Provided material.
- - -

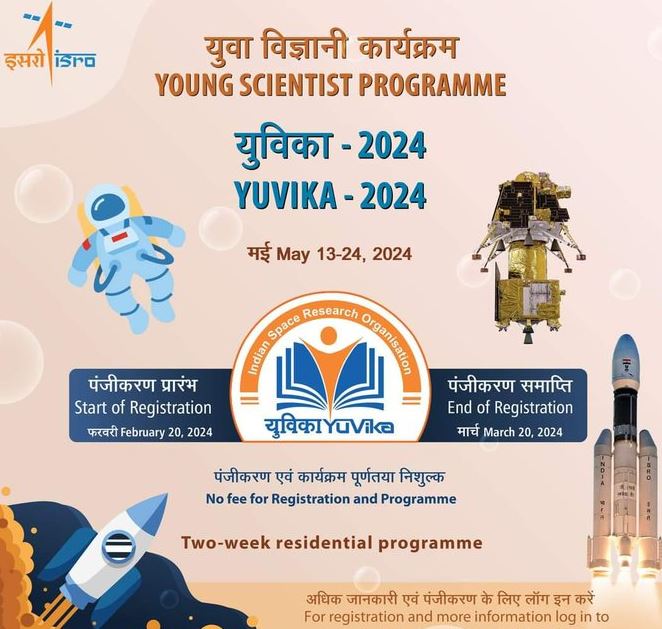 భారత అంతరిక్ష పరిశోధనా సంస్థ (ISRO) యువ శాస్త్రవేత్తలను తయారు చేసేందుకు కృషి చేస్తోంది. ఇందులో భాగంగా యువ శాస్త్రవేత్తలకు శిక్షణ ఇచ్చే కార్యక్రమంగా యువిక-2024 (యూత్ సైన్స్ ప్రోగ్రామ్)ను ప్రారంభించారు. ఈ అకాడమిక్ ఇయర్ లో దేశవ్యాప్తంగా 9వ తరగతి చదువుతున్న విద్యార్థుల నుంచి శిక్షణ కోసం దరఖాస్తులు ఆహ్వానిస్తున్నారు.
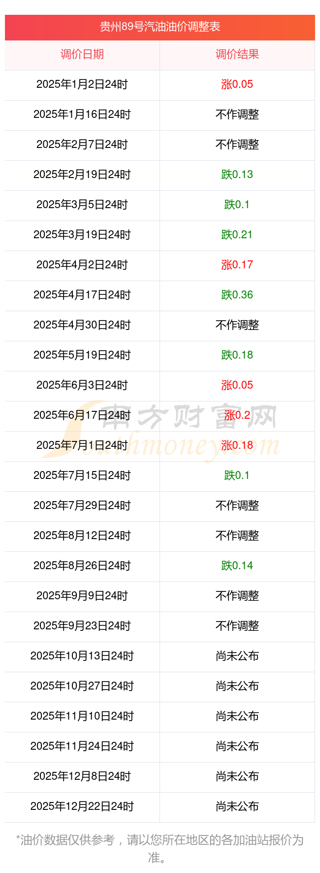 2025年油价调整一览表
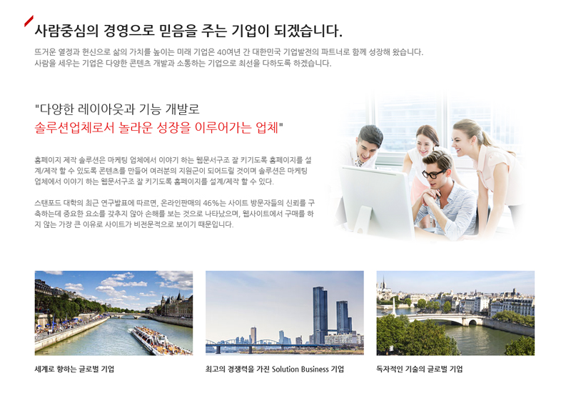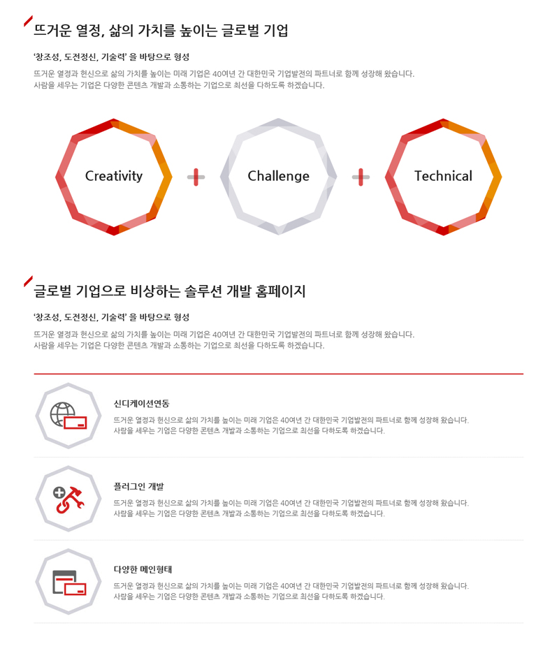 서브페이지 5장 (인사말/비전 및 목표/연혁/사업영역/기술소개)
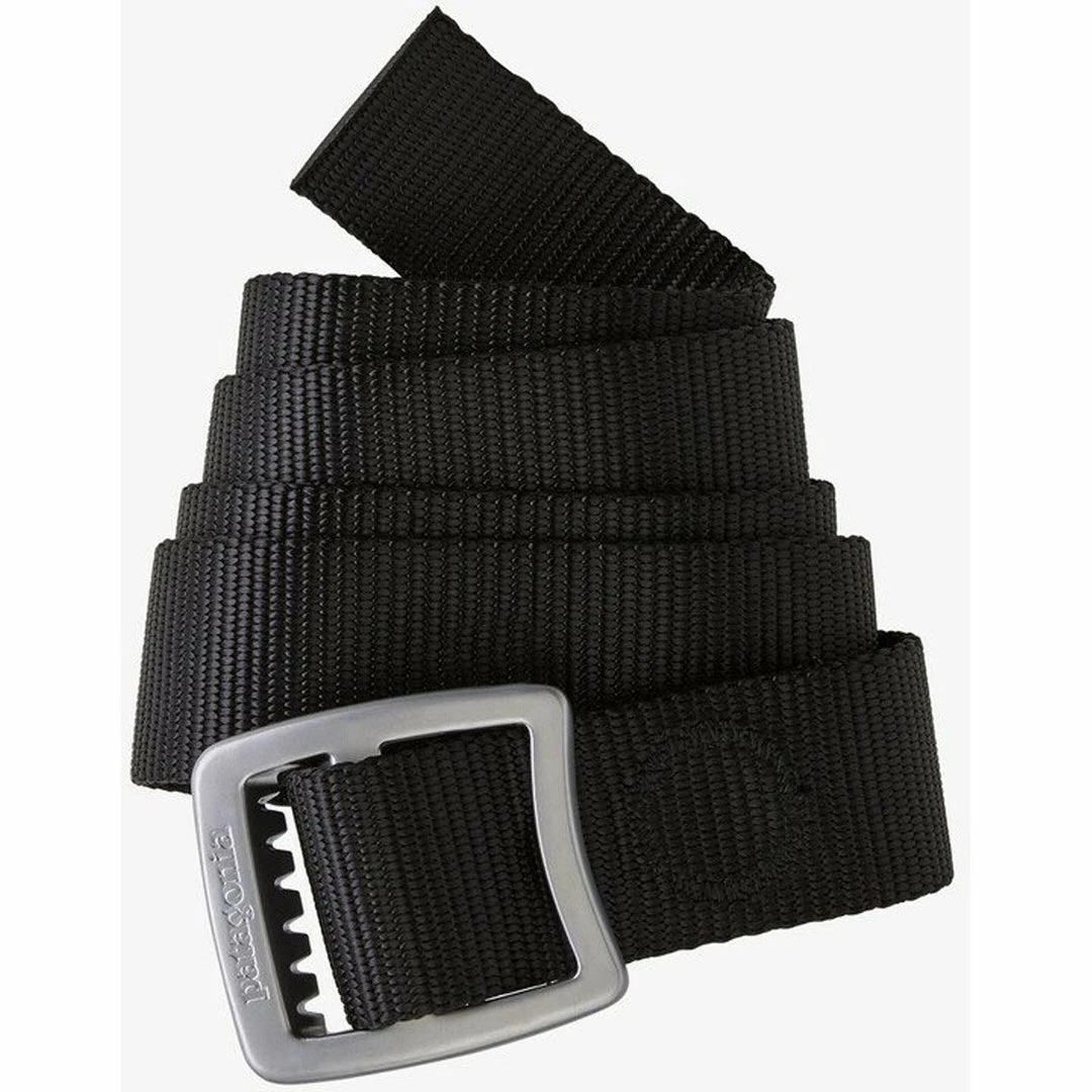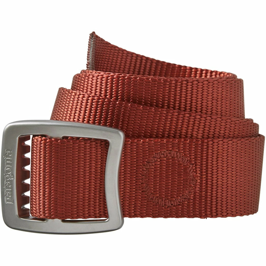 Burly recycled nylon-webbing belt, with anticorrosive aluminum buckle, can be used in a pinch as a lash strap or bottle opener.

- - -

Problem. Could you restate exactly the lines from the line containing "2025年油价调整一览表" through the end of the listing, both ends included and nothing else, leaving the images out?

Output.
 2025年油价调整一览表
 서브페이지 5장 (인사말/비전 및 목표/연혁/사업영역/기술소개)
 Burly recycled nylon-webbing belt, with anticorrosive aluminum buckle, can be used in a pinch as a lash strap or bottle opener.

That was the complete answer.